Immunofluorescence double labeling. To demonstrate the colocalization of the P2X3 and P2Y4 receptor with ChAT, neuronal NOS, and a medium-molecular-weight neurofilament marker (NF200), sections were immunostained for the P2X3 or P2Y4 receptor, as above, then incubated with these antibodies overnight. Subsequently, the sections were incubated with FITC-conjugated donkey anti-goat IgG, or FITC-conjugated donkey anti-sheep IgG, or FITC-conjugated donkey anti-mouse IgG. All the incubations and reactions were held at room temperature and separated by 3 x 10-min washes in PBS. The sections were mounted with Citifluor and examined with fluorescence microscopy.
In colocalization studies investigating the coexpression of P2Y4 and P2X3 receptors, P2Y4 receptor immunoreactivity was enhanced with tyramide amplification, which allows high sensitivity and low background specificity (Renaissance, TSA indirect, New England Nuclear). The use of TSA allows immunostaining with two rabbit antisera, as described previously (7, 36). Briefly, sections were incubated in 10% NHS in PBS for 30 min at room temperature, followed by incubation with the P2Y4 antibody (1 µg/ml) in 10% NHS and 0.2% Triton X-100 in PBS overnight. Subsequently, the sections were incubated with biotinylated donkey anti-rabbit IgG for 1 h, with Extravidin peroxidase for 1 h, biotinylated tyramide for 8 min and then in streptavidin-FITC for 10 min. Polyclonal rabbit antibody against the P2X3 receptor subtype was applied as a second primary antibody and detected with Cy3-conjugated donkey anti-rabbit IgG. To check for noncross reactivity, P2Y4 receptor immunostaining using indirect TSA was performed alone on some sections, as was P2X3 receptor indirect immunofluorescence. The localization of each marker appeared identical to the localization observed with the double staining technique, with no apparent cross-reactivity.
For immunostaining, a number of controls were performed on sections where either the primary or secondary antibody stage was omitted from the staining procedure.

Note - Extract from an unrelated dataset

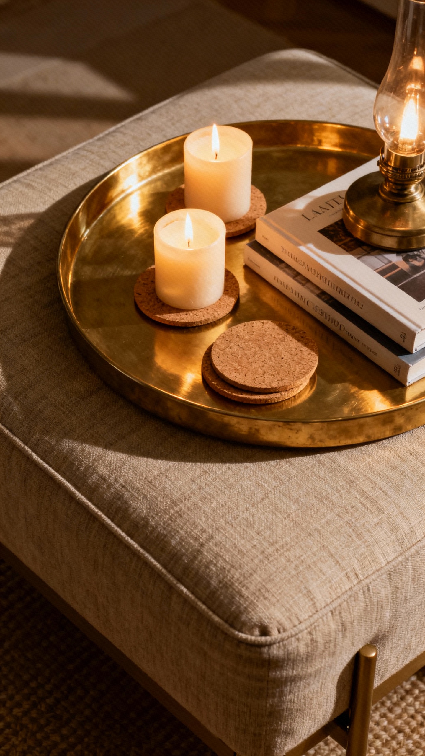 • Tray it up: Use a tray to corral remotes, coasters, and a candle so the surface stays tidy.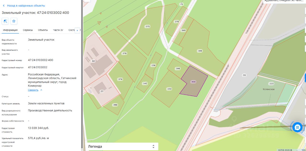 Земельный участок с кадастровым номером 47:24:0103002:400, площадью 22860 (двадцать две тысячи восемьсот шестьдесят) кв.м., расположенный по адресу: Российская Федерация, Ленинградская область, Гатчинский муниципальный округ, город Коммунар. Категория земель: земли населенных пунктов. Разрешенное использование: производственная деятельность. Граница земельного участка установлена в соответствии с требованиями земельного законодательства. Сведения об обременениях: - смотри "Извещение" + градостроительный план, размещенные в разделе "Документы".

Cell culture. Cat intramural bladder ganglia were visualized under a dissecting microscope, carefully removed, and transferred into ice-cold (4°C) calcium/magnesium-free HBSS (Invitrogen, Carlsbad, CA) of the following composition (in mM): 170 NaCl, 7 KCl, 1.6 Na2HPO4, 6 D-glucose, and 0.01% phenol red, pH 7.3 (Invitrogen). Under a dissecting microscope, the intramural bladder ganglia were cut into smaller sections with sterile scissors and transferred into preactivated (37°C for 10 min) membrane filter-sterilized (0.2 µm2) HBSS solution containing L-cysteine (2 mg/ml) and papain (14 U/ml) for 15 min at 37°C. The solution was carefully removed and replaced with membrane filter-sterilized (0.2 µm2) HBSS containing dispase (8 U/ml) and Sigma blend A collagenase (1 mg/ml; Sigma, Poole, UK) and incubated at 37°C. Individual neurons were dissociated by gentle mechanical trituration with a sterile fire-polished glass pipette, over a period of between 30 and 45 min, until tissue fragments were no longer visible macroscopically.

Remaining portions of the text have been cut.